_BRIEF_.
Your answer must match the records word for word and contain no pictures.

····················

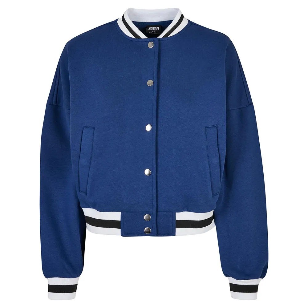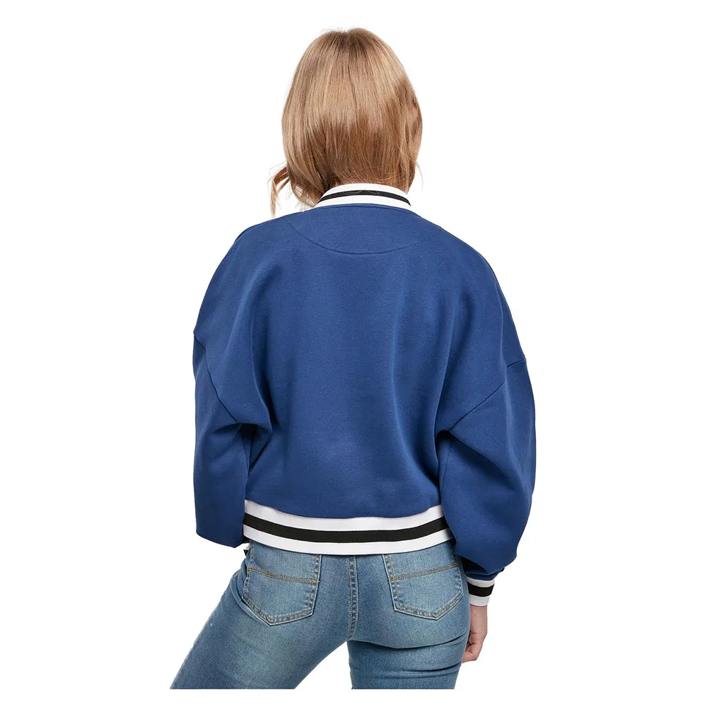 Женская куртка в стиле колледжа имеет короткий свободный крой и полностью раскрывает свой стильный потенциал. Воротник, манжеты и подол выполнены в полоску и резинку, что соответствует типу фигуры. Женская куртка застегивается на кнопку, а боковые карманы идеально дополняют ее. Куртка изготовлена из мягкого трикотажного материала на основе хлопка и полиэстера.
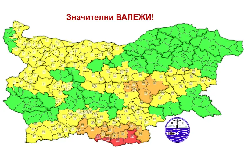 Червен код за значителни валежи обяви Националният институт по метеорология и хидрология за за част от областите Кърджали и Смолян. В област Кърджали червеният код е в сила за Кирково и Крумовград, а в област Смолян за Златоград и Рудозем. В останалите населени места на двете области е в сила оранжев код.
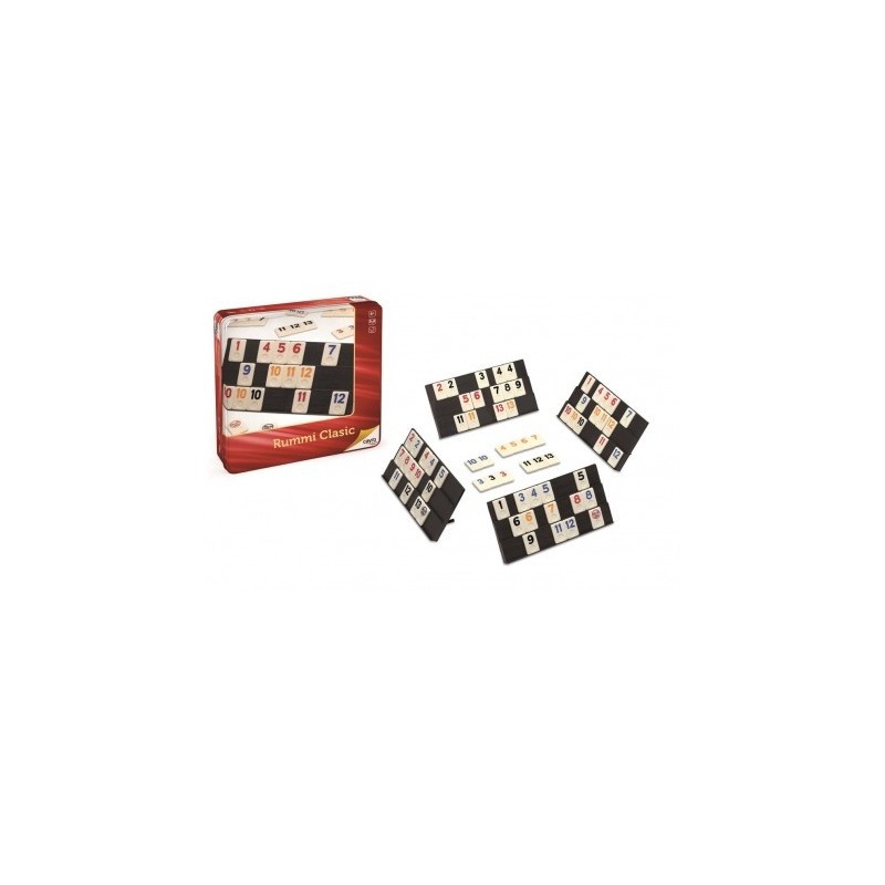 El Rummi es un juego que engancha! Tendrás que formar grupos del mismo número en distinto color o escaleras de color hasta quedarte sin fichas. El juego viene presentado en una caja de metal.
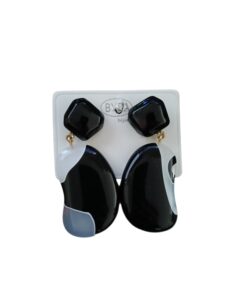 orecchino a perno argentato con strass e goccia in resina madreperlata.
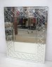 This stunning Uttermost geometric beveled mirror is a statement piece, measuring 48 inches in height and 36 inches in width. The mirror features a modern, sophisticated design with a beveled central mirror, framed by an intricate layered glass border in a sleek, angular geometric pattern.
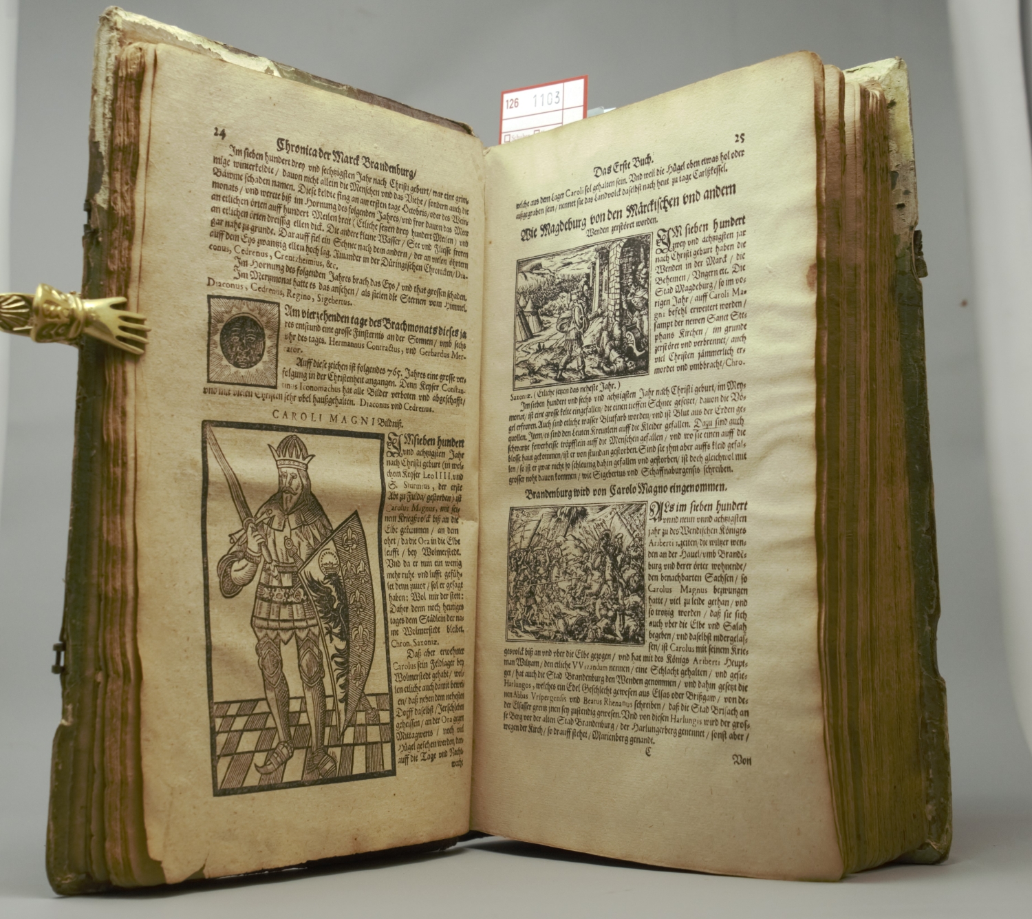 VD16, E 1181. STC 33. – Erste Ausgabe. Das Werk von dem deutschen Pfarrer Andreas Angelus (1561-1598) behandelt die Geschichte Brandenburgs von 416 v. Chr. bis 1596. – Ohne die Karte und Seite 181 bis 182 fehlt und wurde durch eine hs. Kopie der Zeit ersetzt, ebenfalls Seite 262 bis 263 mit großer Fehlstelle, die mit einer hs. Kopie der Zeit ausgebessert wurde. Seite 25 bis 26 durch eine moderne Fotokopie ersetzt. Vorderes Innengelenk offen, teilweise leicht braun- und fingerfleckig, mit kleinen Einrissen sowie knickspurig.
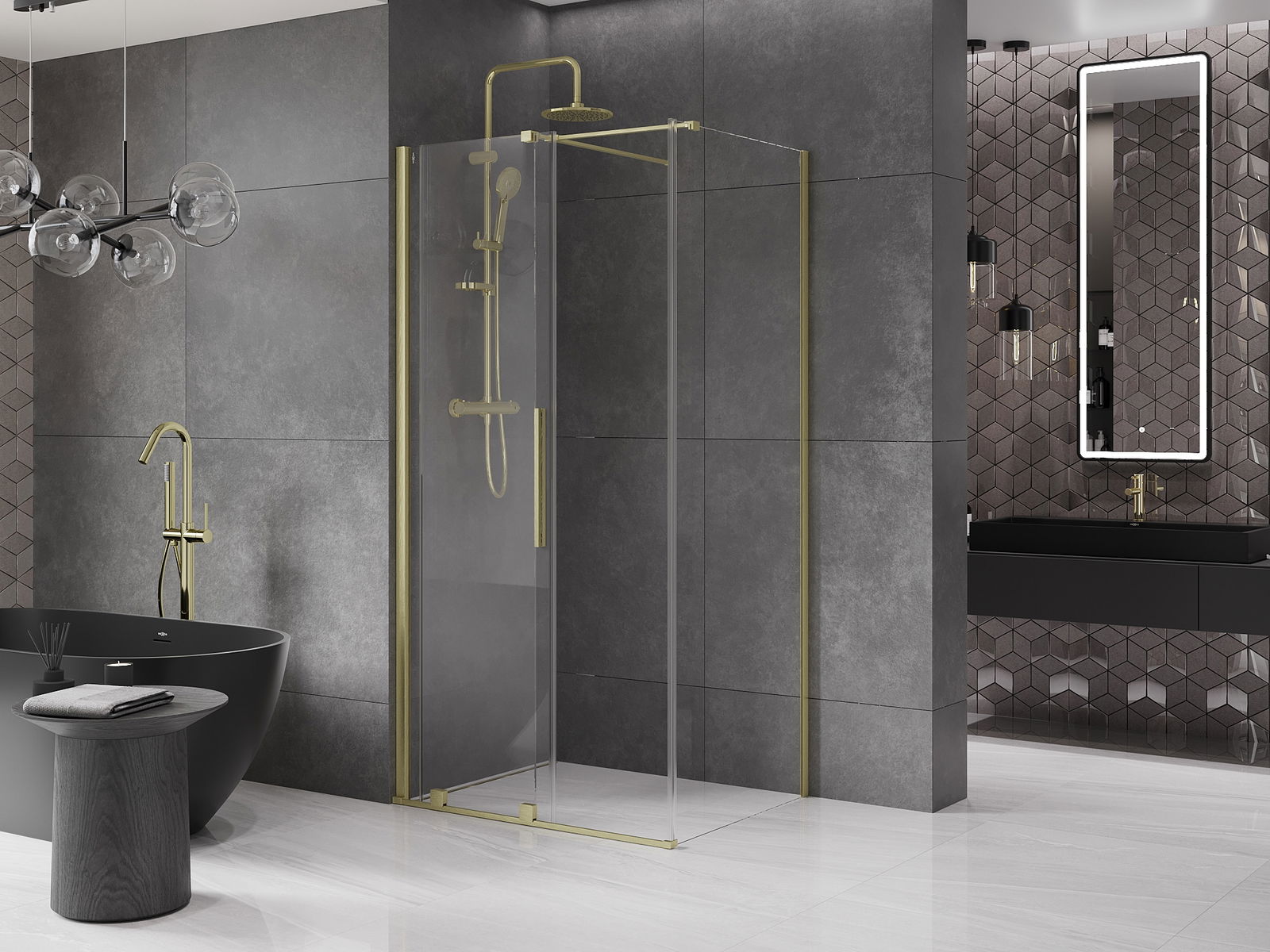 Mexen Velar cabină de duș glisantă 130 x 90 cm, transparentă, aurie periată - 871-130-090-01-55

····················

_OUTPUT_.
 Женская куртка в стиле колледжа имеет короткий свободный крой и полностью раскрывает свой стильный потенциал. Воротник, манжеты и подол выполнены в полоску и резинку, что соответствует типу фигуры. Женская куртка застегивается на кнопку, а боковые карманы идеально дополняют ее. Куртка изготовлена из мягкого трикотажного материала на основе хлопка и полиэстера.
 Червен код за значителни валежи обяви Националният институт по метеорология и хидрология за за част от областите Кърджали и Смолян. В област Кърджали червеният код е в сила за Кирково и Крумовград, а в област Смолян за Златоград и Рудозем. В останалите населени места на двете области е в сила оранжев код.
 El Rummi es un juego que engancha! Tendrás que formar grupos del mismo número en distinto color o escaleras de color hasta quedarte sin fichas. El juego viene presentado en una caja de metal.
 orecchino a perno argentato con strass e goccia in resina madreperlata.
 This stunning Uttermost geometric beveled mirror is a statement piece, measuring 48 inches in height and 36 inches in width. The mirror features a modern, sophisticated design with a beveled central mirror, framed by an intricate layered glass border in a sleek, angular geometric pattern.
 VD16, E 1181. STC 33. – Erste Ausgabe. Das Werk von dem deutschen Pfarrer Andreas Angelus (1561-1598) behandelt die Geschichte Brandenburgs von 416 v. Chr. bis 1596. – Ohne die Karte und Seite 181 bis 182 fehlt und wurde durch eine hs. Kopie der Zeit ersetzt, ebenfalls Seite 262 bis 263 mit großer Fehlstelle, die mit einer hs. Kopie der Zeit ausgebessert wurde. Seite 25 bis 26 durch eine moderne Fotokopie ersetzt. Vorderes Innengelenk offen, teilweise leicht braun- und fingerfleckig, mit kleinen Einrissen sowie knickspurig.
 Mexen Velar cabină de duș glisantă 130 x 90 cm, transparentă, aurie periată - 871-130-090-01-55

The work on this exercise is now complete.